One actually bit her leg so bad that she was bleeding through her stockings.
And not just like a little cut, but bleeding like a nose bleed type flow.
So adrenaline kicked in and I told her "Run!" and she ran screaming through the trail. 
It was actually quite stressful, but funny at the same time.

While we were taking some pictures, a group of older women asked me to take their picture, and I noticed they were speaking Spanish, so I got to practice Spanish with them, something I hadn't practiced in awhile.
I found out they were from Colombia. 
They were a group of retired women who traveled.
They had actually came from California, where before they had traveled through all of America. 
So that was cool.
Later we went to Shinjuku, which is one of the most crowded and iconic places in Tokyo. 
I didn't really see much, but we saw enough crowds to know that was not someplace we wanted to be at that time.
Later on that week, my boss took me and my co-workers out to dinner.
They asked me where I wanted to go and I said "Sushi."
I said "Authentic sushi."
And that's exactly where we went.
We walked into some sushi restaurant that looked like it was from the 1800s inside. 
It was like REAL Japan. 
Tatami mats, where you sit on pads on the floor and eat on low tables, and Japanese families eating.
Here I was dressed in a business casual suit, with my two Japanese coworkers. Needless to say I was overdressed. And I stuck out like a sore thumb.
It was a great time, because they asked me what I wanted to try and essentially I told them to bring out the most obscure, unique stuff. And boy, did they deliver.
I tried raw octopus. 
River eel.
And even whale. It tasted like chicken.
In the moment I thought "Oh cool, whale." But later I actually felt bad and I was like "ooohh...this is whale."
Regardless it was a unique experience. 
Also the waitress was some old Japanese lady (who I think was drunk). She said Hi to everyone in Japanese and then she saw me and smiled and called me "Gaijin-Sama" and just laughed.
This was the FIRST and only time I've ever been called "Gaijin" in Japan.
For those that don't know Gaijin means "Foreigner." Sama is like the most polite form to call someone.
The food was so good, and really was the authentic Japanese experience that I wanted.
The boss asked if I wanted Sake (Sake means alcohol in general in Japanese, but Sake in America generally means Rice Wine, which was this Sake).
Now I love warm sake, so he brought it out. 
Everytime I finished a cup he refilled. 
I don't know if he was just being polite or if he was just trying to get me drunk.
6 bottles of Sake later....

Here is an update of badly translated English t-shirts:

My coworker told me a kid came into class with a shirt that said "Anti Black."
Then I saw an old lady wearing a tshirt that said "Enjoy yourself coolest dude ever."
The worst was I saw some really fashionable woman who was wearing some nice fashionable clothes, but her tshirt said "I live in moment."
Speaking of fashion I've noticed some fashion trends.
One weird one is I've seen a lot of people wearing Ghostbusters 2 T-shirts.

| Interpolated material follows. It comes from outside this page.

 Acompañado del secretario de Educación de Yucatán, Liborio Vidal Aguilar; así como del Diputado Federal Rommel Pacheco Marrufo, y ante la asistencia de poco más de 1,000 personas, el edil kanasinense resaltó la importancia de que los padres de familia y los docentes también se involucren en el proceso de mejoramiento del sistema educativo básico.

Like, why Ghostbusters 2? And why the  Ghostbusters franchise at all?
Another one I've noticed is unique Kurt Cobain T-shirts in Japan. Here are some I've seen:

One other is I have noticed Keith Haring is extremely in in Japan.
Keith Haring is everywhere. 

This is really heartening because he is my favorite artist.
Here is a picture of a money tray at a Pizzeria.

I got so excited that I wanted to tell the employee "写真を撮ります (shashin o torimasu - "I take a picture")

Also around this time it was extremely あつい "hot" in Japan!
So meltingly hot!
And it's interesting because it's so insanely cold when you walk inside places in Japan. Literally everywhere is air conditioned. I have never lived in a place where it's colder inside than it is outside. 

One very surreal event I witnessed was walking in the subway late one night with my girlfriend. I heard faint hip-hop music in the distance. As we started walking closer we saw these group of Japanese hip-hop heads standing outside a closed store's rolled up garage door, with a boombox blasting. All of the sudden they started break dancing. 
One of the guys did a spin on his head for what seemed like 30 seconds or more. It was impressive, but it was very surreal.
It felt like I was transported to some artificial New York subway where breakdancing or "breakin'" was this fresh new dance style. It was strange in ways that I can't fully explain. 

Here are some other trends I have noticed walking around the train and subway stations:

1. I can count on my two hands how many homeless people I have seen in Japan. And maybe I have seen the same homeless person multiple times.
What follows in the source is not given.